The FDA action specifically affects surgical mesh used for the transvaginal repair of pelvic organ prolapse, which occurs when the muscles and tissues supporting the uterus, bladder or rectum become weak or loose. That can allow organs to drop or press into the vagina. The regulatory action does not apply to mesh used for other conditions, such as hernias or stress urinary incontinence.
The FDA move, its toughest action yet against the devices, comes after tens of thousands of women have filed lawsuits against mesh manufacturers claiming injuries including bleeding and pain. The agency said there has been an increase in reports of adverse events in the last several years involving the devices.
In 2016, the FDA reclassified the products as high-risk devices — subjecting them to the agency’s most stringent path for device oversight — and required manufacturers to obtain approval to continue to market them. Many manufacturers withdrew from the market amid the heightened regulatory scrutiny and the growing number of lawsuits.
“In order for these mesh devices to stay on the market, we determined that we needed evidence that they worked better than surgery without the use of mesh to repair pelvic organ prolapse,” said Jeffrey Shuren, director of the agency’s Center for Devices and Radiological Health. “That evidence was lacking in these premarket applications, and we couldn’t assure women that these devices were safe and effective long term.”
Public Citizen, which first petitioned the FDA in 2011 to ban the products, welcomed the move, but said it came “too late for the thousands of women who have been irreparably harmed by these devices.” The group said it has been clear for several years that the products “are unsafe for treating pelvic organ prolapse and lack any clinically significant benefits in comparison to nonmesh products.”
Boston Scientific said in a statement that the company was “deeply disappointed” by the agency’s decision, adding that “patient safety is always our highest priority.” The company said the FDA action will “severely limit” options for women seeking treatment for pelvic organ prolapse.
Coloplast declined to comment.
The FDA said that surgeons began using surgical mesh to repair abdominal hernias beginning in the 1950s. In the 1970s, gynecologists began implanting surgical mesh for abdominal repair of pelvic organ prolapse and two decades later for the transvaginal repair of the condition, the FDA said. In 2002, the first mesh device for transvaginal repair of pelvic organ prolapse was cleared by the agency as a device that carried “moderate risk.”

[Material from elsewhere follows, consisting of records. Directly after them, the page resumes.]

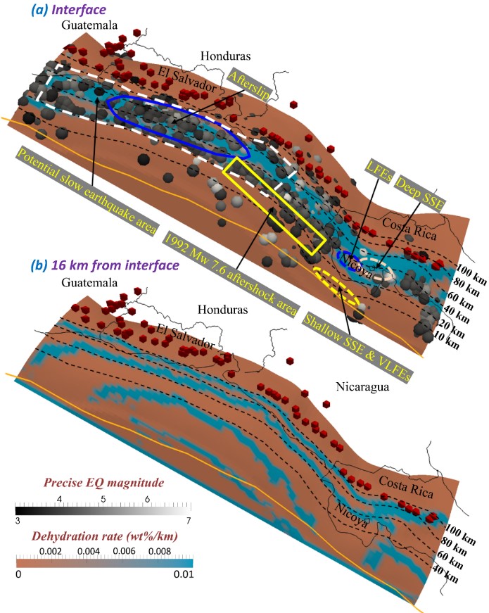研究结果表明,科科斯板块表面温度较过去学术界认为的更高。在此情形下,俯冲带内的脱水反应导致更多流体释放,增加孔隙流体压力,促使中美洲俯冲带快慢地震的重复发生。这一发现为解释中美洲地震分布特点提供了重要参考。此外,研究团队预测,中美洲危地马拉至尼加拉瓜沿海区域也具有发生慢地震的可能性,是未来预警和预防慢地震的关键区域。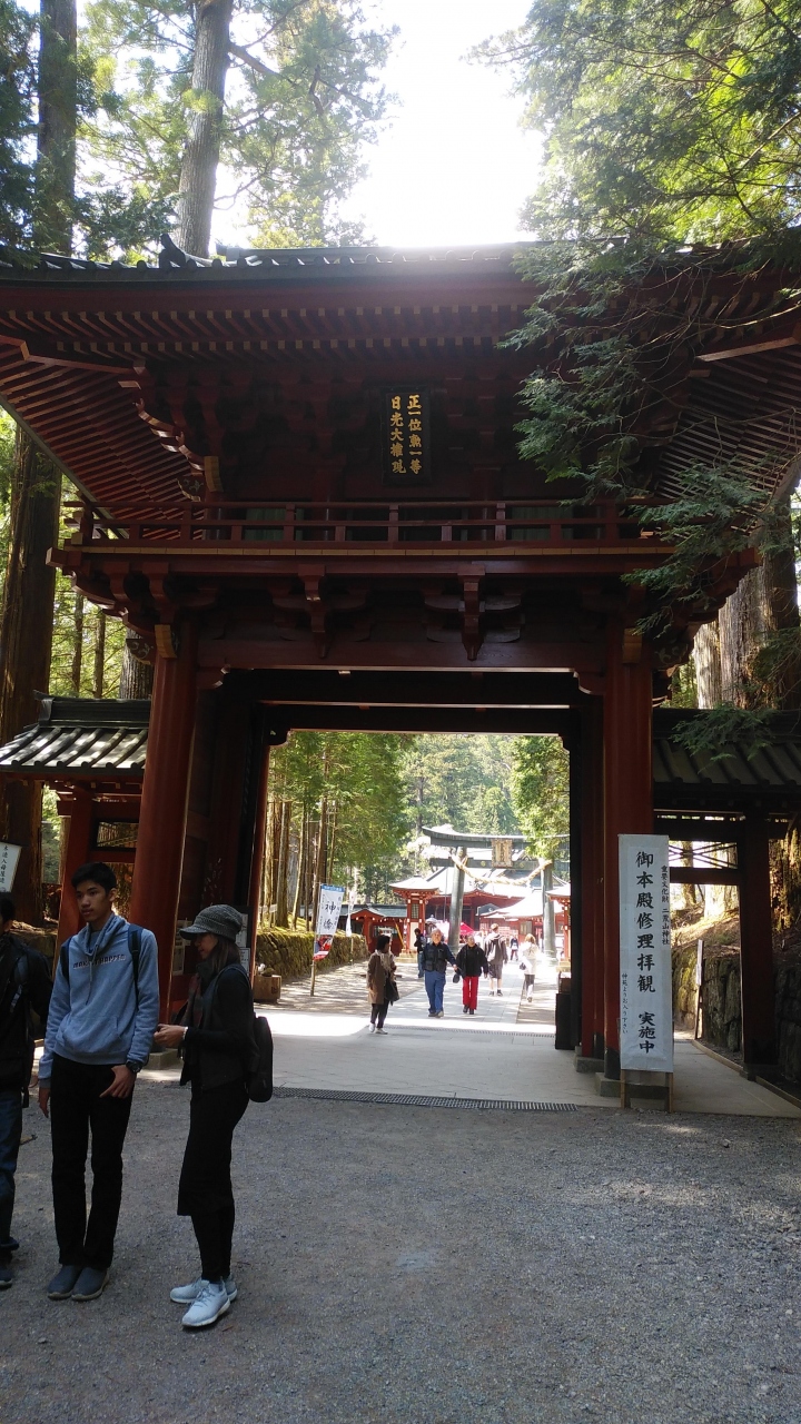 日光東照宮から上新道という参道を歩いていくと、「日光二荒山神社」という石碑を過ぎると、朱塗りの楼門と言う2階造りでの門で屋根があり各階に屋根があり「二重門」と呼ばれるそうです。この楼門は勝道上人が多くの苦難を乗り越え男体山の登頂に成功して1200年の年月を記念して建立されたそうです。ここは初めて観光したのですが、上新道沿いに石灯篭が並んでいて巨大な杉の木の間を歩きながら行くと不思議な気分になりパワーを頂いた感じでした。
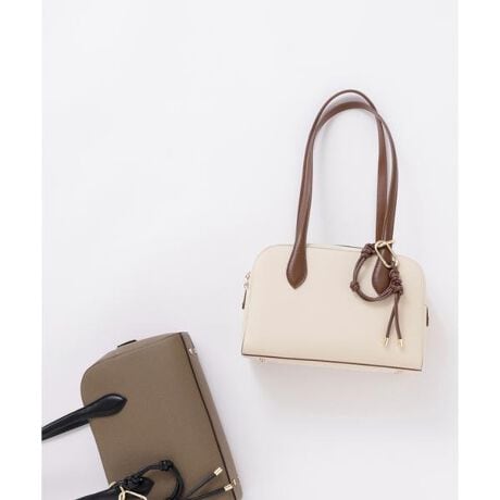 バッグチャーム付きで洗練された印象に見せてくれる、トレンドのフェイクスウェード素材を使用したボストンバッグ。2本の異なる形状のカラナビを、バッグのハンドル1本につけたり、ハンドルからハンドルに渡るようにつけるなど、雰囲気を変えて楽しめます。バッグの持ち手は長めなので、厚手のアウターの上からも肩にかけやすくなっています。<素材>コットンキャンバス風の表面感のある型押しフェイクレザーをボディに使用し、ハンドルやチャームにはしっとりさらっとした質感の表革風のフェイクレザーを使用しています。※モデルの着用画像の場合、光の当たり具合により、実際の色味と異なって見えることがございます。色味は、商品単体の画像をご参照ください。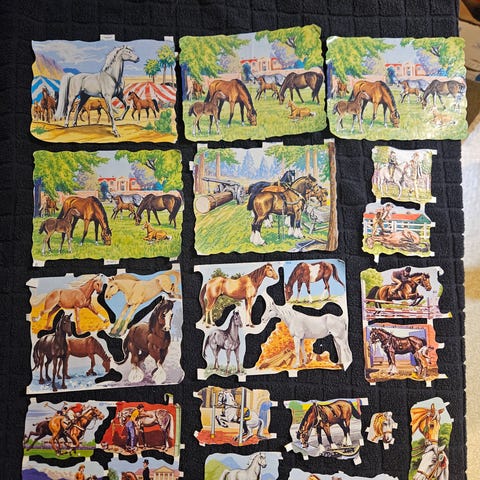 Sekava setti kiiltokuvia eri arkeista – kaikissa aiheena hevonen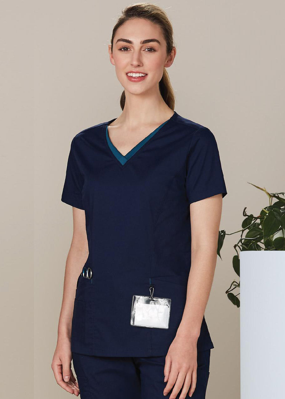 Winning Spirit Ladies V-Neck Contrast Trim Scrub Top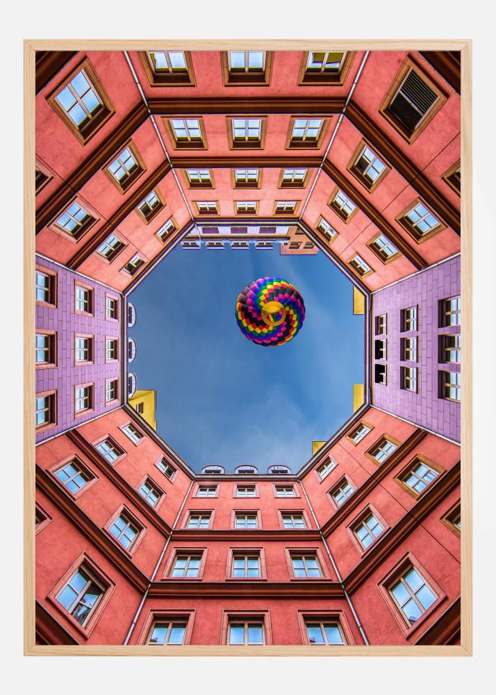 Un poster vivace con una prospettiva a rana che attraversa edifici rosa e punta verso il cielo azzurro. Gli edifici formano un esagono quando si guarda oltre tutte le finestre. Al centro del cielo blu c'è un palloncino arcobaleno che fluttua sopra l'apertura. Lasciati trasportare nella fantasia con l'aiuto di questa immagine luminosa e ottimistica.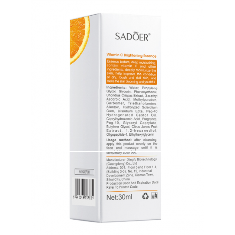 SADOER Vitamin C Brightening Essence — це концентрована сироватка для освітлення та відновлення шкіри. Завдяки свіжому екстракту апельсина, продукт сприяє вирівнюванню тону обличчя, освітлює пігментні плями та повертає шкірі природне сяйво. Есенція також зволожує шкіру, роблячи її гладкою та пружною.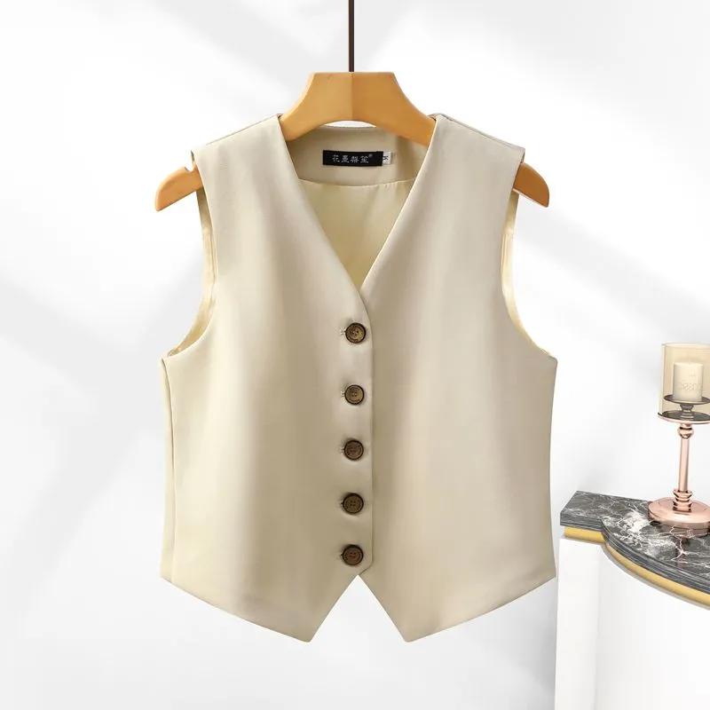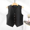 Women Autumn Casual Sleeveless Vest V Neck Button Front Cropped Waistcoat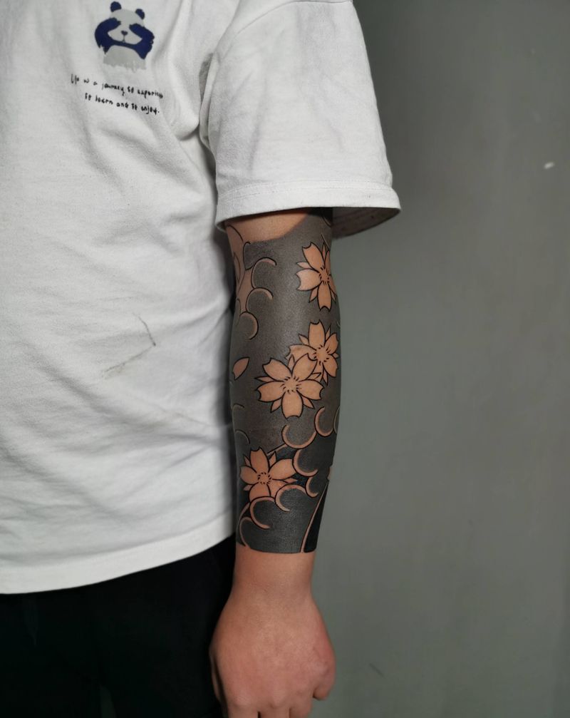 当前位置: 首页 >云南省大理白族自治州纹身店-针锋刺客刺青纹身图案>传统 樱花纹身图片_手臂手部老传统纹身图案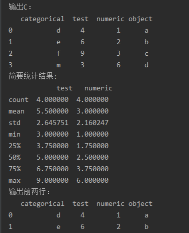 print('简要统计结果: \n', c.describe()) # 统计结果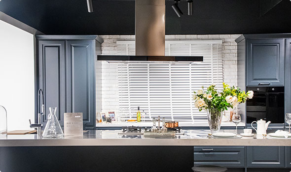从色彩上,奠定整体空间轻奢、高雅的基调,暖蓝色中点缀些许白色,鲜明的对比;在视觉上形成一种平衡感,为厨房空间带来自然质朴而又温暖活跃的气息,演绎属于都市人的优雅生活。

About 1 in 8 women have surgery to repair the condition, and a subset of the procedures use the mesh, the agency said. It added that the proportion of women undergoing the mesh procedures decreased after the FDA began issuing warnings.
The agency said the women who have had transvaginal mesh used for their condition don’t need to take any action if they are satisfied with their surgeries and don’t have any symptoms. But they should notify their physicians if they have vaginal bleeding or discharge, pelvic or groin pain or pain during sex, the agency said.